In conclusion, we identified an eco-evolutionary population response where changes in individual somatic growth rates are caused by natural selection acting on the life-history in response to a combination of increased competition for food and change in imposed mortality. The response to selection leads to changes in individual growth rates, fecundity and population dynamics. In particular, we have witnessed adaptation to local environmental conditions (e.g. changing resource availability) that permitted recovery of a declining free-running population over approximately five generations. Harvesting caused the mean phenotype of harvested populations to deviate from unharvested phenotypes which contributed to long term differences in population growth rates between harvested and unharvested populations. However, due to evolutionary rescue, harvesting yields were 13% higher under adult harvesting at the end of the harvesting period than they would have been had the population been maintained at the density prior to the recovery at around week 40. The rapid eco-evolutionary responses to environmental change observed indicates a potential for evolution to help management aims more than has been normally appreciated.

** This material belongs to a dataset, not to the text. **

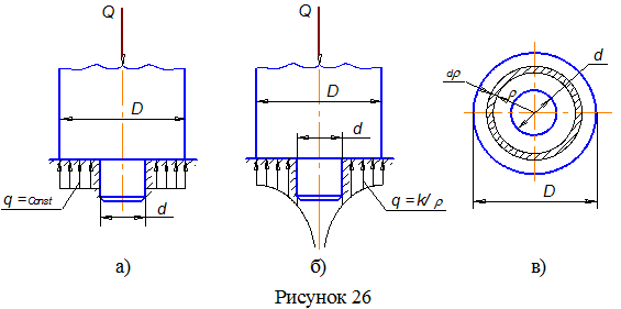 Первая гипотеза. Так как в данном случае опорная поверхность является плоскостью, то постоянное удельное давление (рисунок 26 а) определяется простым делением осевого усилия на площадь опорного кольца:
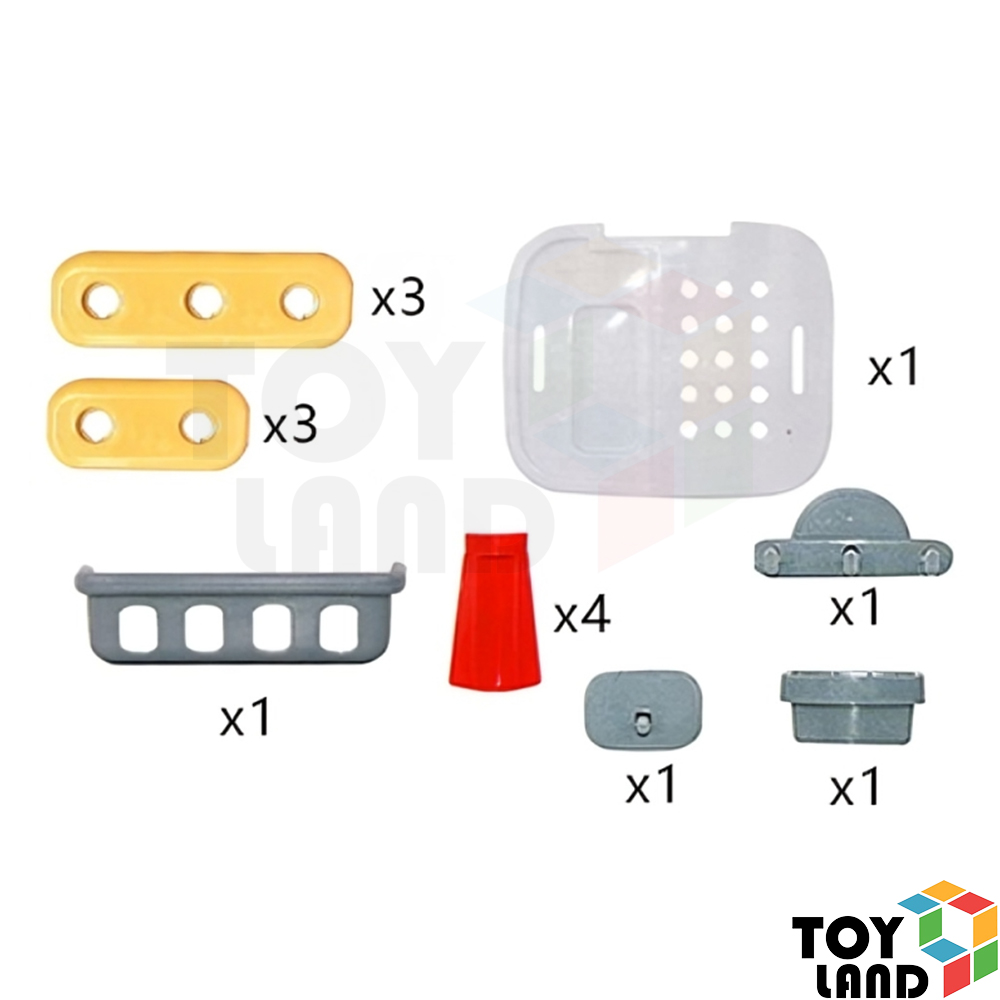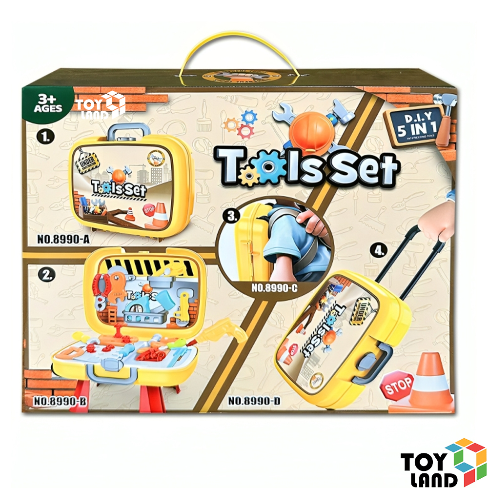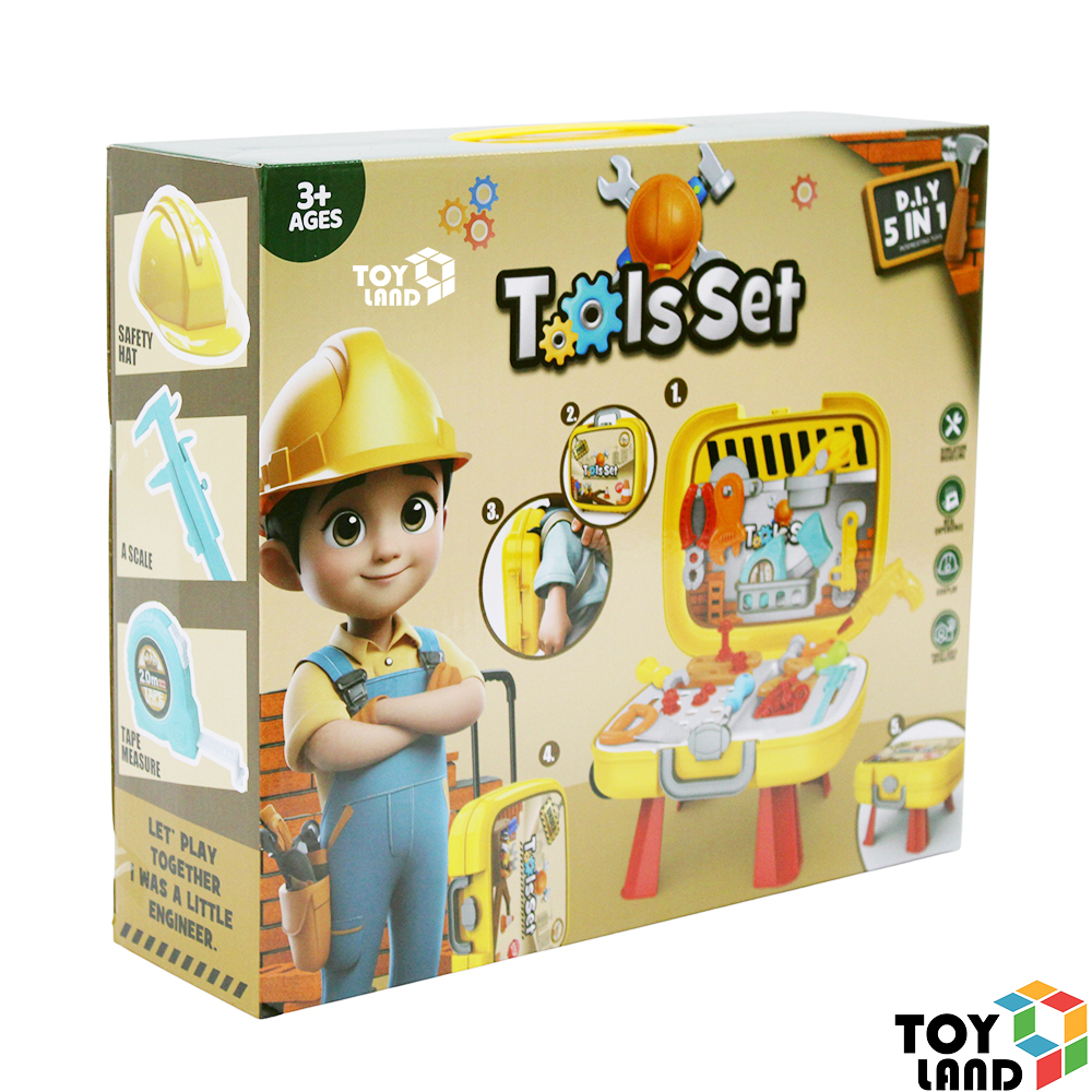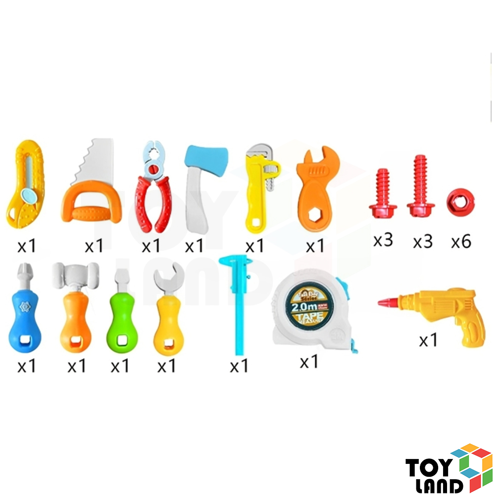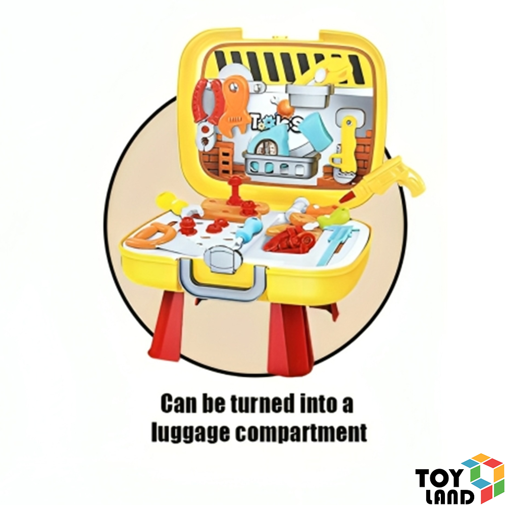 تأتي الشنطة بتصميم عملي يحتوي على مجموعة من أدوات النجارة الآمنة والمخصصة للأطفال، مثل المطرقة والمفك والمنشار والمسامير البلاستيكية.

We thank Freda Marshall for coordination of AFLP genotyping. We thank L. Persson and A. de Roos for feedback on earlier drafts, Stewart Plaistow for data and discussion. This study was funded by NERC grant NE/C510467/1 (to TGB and SBP) and a University of Leeds Postdoctoral Fellowship (TCC). This study met the ethical requirements of the University of Leeds, UK.
Experimental design, analysis and manuscript preparation by TCC, SBP and TGB. Experimental work by DOS, AR and TCC. Genetic analysis by SBP.